• [TASK TO COMPLETE] Give the listing again word for word, excluding the pictures it contains.

• [DATA SHOWN]
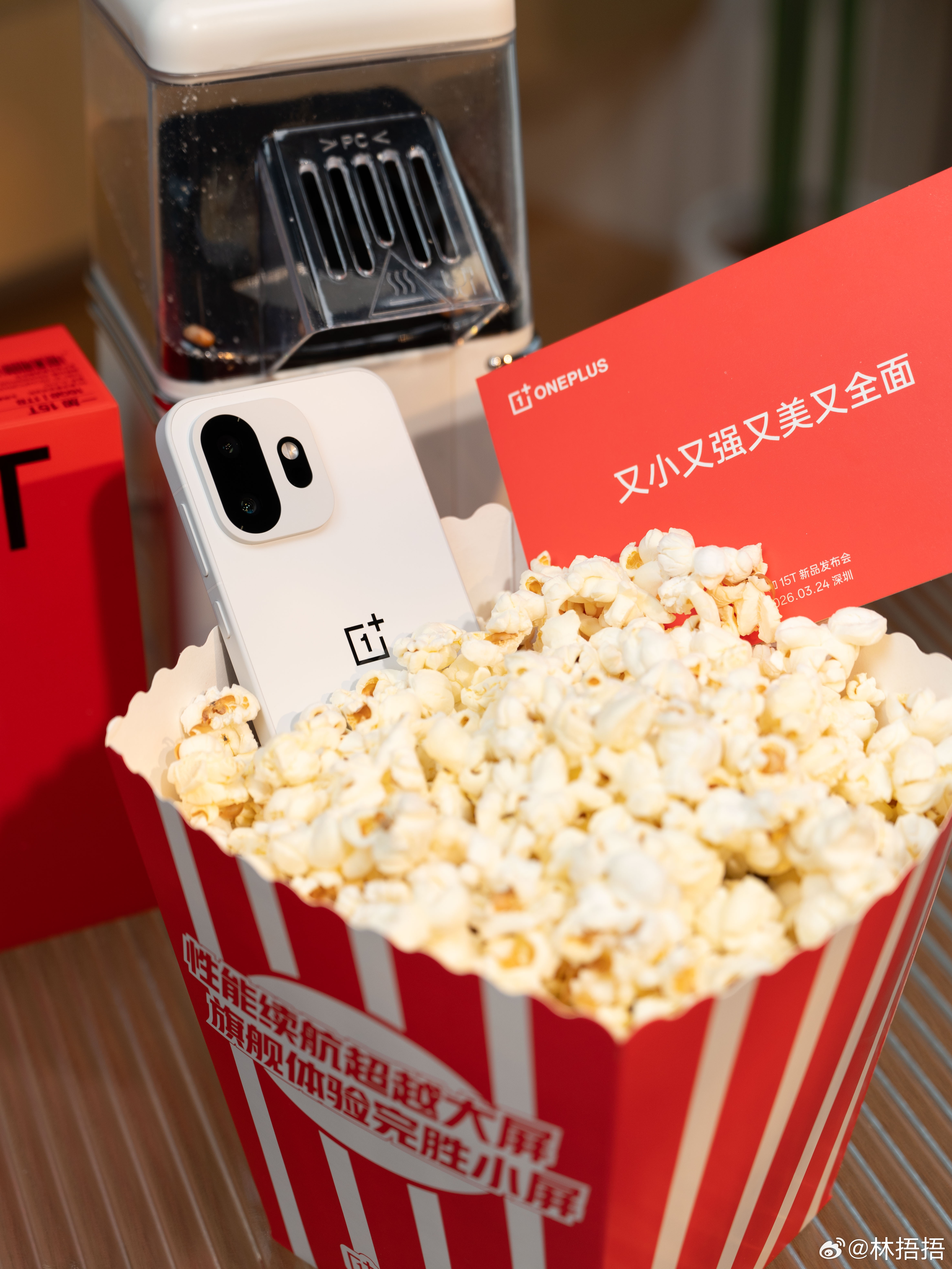 收到了一个爆米花机,启动以后爆出了一台精致小巧的一加15T,爆米花机名副其实,又能爆米花,又能爆手机。
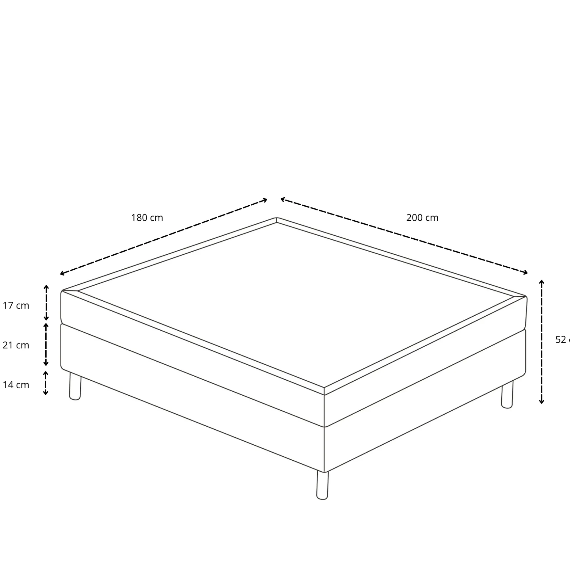 | Materiale – Boxmadras | • PU-skum • Pocketfjedre • Betrukket med strikstof (220 g) og vævet stof (365 g) • Aftageligt og vaskbart betræk |
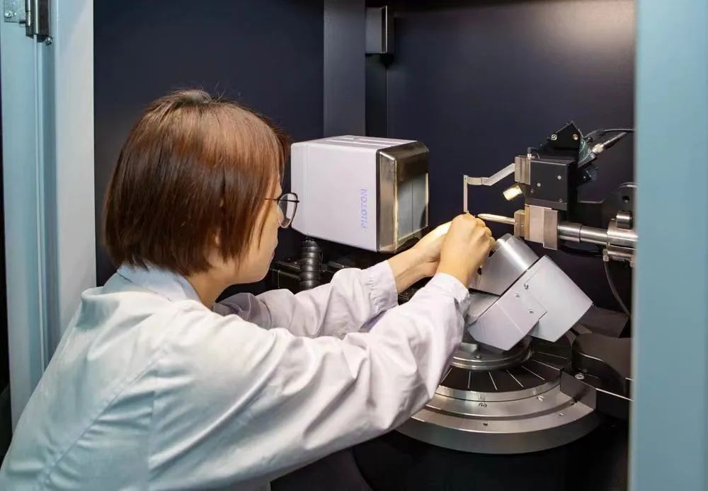 緊接著,所切下的顆粒中,唯一的一顆可用于后續(xù)驗證的顆粒被最終確定下來。李婷所帶的礦物研究團隊利用單晶X射線衍射儀對潛在的新礦物開展了后續(xù)的精細結(jié)構(gòu)解譯,準確確定了這個礦物的晶體結(jié)構(gòu),最終確定這個新礦物。

• [RESULT OF THIS EXERCISE]
 收到了一个爆米花机,启动以后爆出了一台精致小巧的一加15T,爆米花机名副其实,又能爆米花,又能爆手机。
 | Materiale – Boxmadras | • PU-skum • Pocketfjedre • Betrukket med strikstof (220 g) og vævet stof (365 g) • Aftageligt og vaskbart betræk |
 緊接著,所切下的顆粒中,唯一的一顆可用于后續(xù)驗證的顆粒被最終確定下來。李婷所帶的礦物研究團隊利用單晶X射線衍射儀對潛在的新礦物開展了后續(xù)的精細結(jié)構(gòu)解譯,準確確定了這個礦物的晶體結(jié)構(gòu),最終確定這個新礦物。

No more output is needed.